• _Task objective_: From the material below, retype exactly the lines that begin at the line with "When the oil" and end after the line with "(أخبرنا) أبو الحسن"; pictures stay out of the copy.

• _Listed entries_:

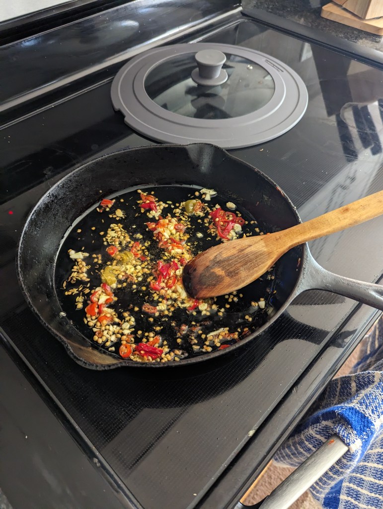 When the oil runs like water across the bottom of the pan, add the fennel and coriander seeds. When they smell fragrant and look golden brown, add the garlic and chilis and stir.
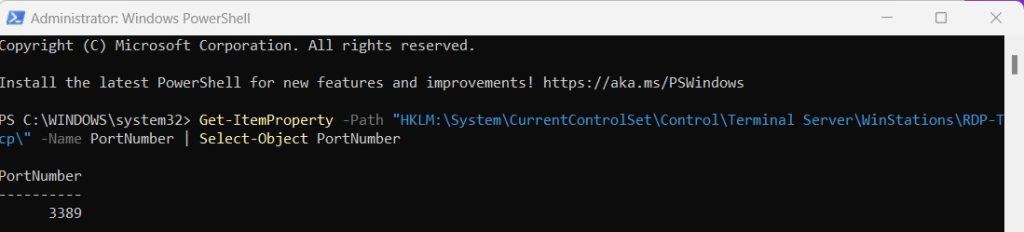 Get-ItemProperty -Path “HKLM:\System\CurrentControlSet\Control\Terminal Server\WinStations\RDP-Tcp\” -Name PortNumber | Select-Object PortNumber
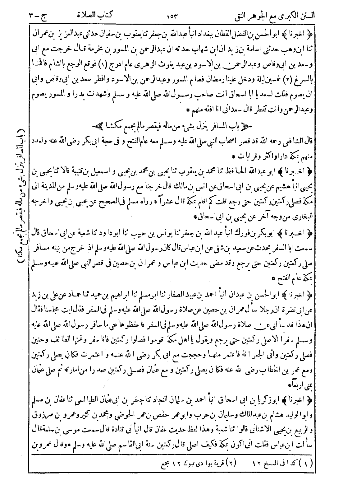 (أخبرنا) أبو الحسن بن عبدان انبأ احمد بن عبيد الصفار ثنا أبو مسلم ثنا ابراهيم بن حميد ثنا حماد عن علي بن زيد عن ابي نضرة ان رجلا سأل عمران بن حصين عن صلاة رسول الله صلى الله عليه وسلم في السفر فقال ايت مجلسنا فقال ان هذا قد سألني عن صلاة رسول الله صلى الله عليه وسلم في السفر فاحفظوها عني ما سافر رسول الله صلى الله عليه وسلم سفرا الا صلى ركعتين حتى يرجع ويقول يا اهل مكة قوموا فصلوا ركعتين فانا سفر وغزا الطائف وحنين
* * *
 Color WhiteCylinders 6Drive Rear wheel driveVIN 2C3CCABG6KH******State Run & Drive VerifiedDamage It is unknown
* * *
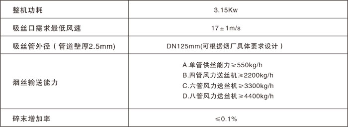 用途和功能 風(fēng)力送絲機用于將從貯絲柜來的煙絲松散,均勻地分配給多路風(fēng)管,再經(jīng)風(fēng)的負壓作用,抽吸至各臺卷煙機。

• _Worked solution_:
 When the oil runs like water across the bottom of the pan, add the fennel and coriander seeds. When they smell fragrant and look golden brown, add the garlic and chilis and stir.
 Get-ItemProperty -Path “HKLM:\System\CurrentControlSet\Control\Terminal Server\WinStations\RDP-Tcp\” -Name PortNumber | Select-Object PortNumber
 (أخبرنا) أبو الحسن بن عبدان انبأ احمد بن عبيد الصفار ثنا أبو مسلم ثنا ابراهيم بن حميد ثنا حماد عن علي بن زيد عن ابي نضرة ان رجلا سأل عمران بن حصين عن صلاة رسول الله صلى الله عليه وسلم في السفر فقال ايت مجلسنا فقال ان هذا قد سألني عن صلاة رسول الله صلى الله عليه وسلم في السفر فاحفظوها عني ما سافر رسول الله صلى الله عليه وسلم سفرا الا صلى ركعتين حتى يرجع ويقول يا اهل مكة قوموا فصلوا ركعتين فانا سفر وغزا الطائف وحنين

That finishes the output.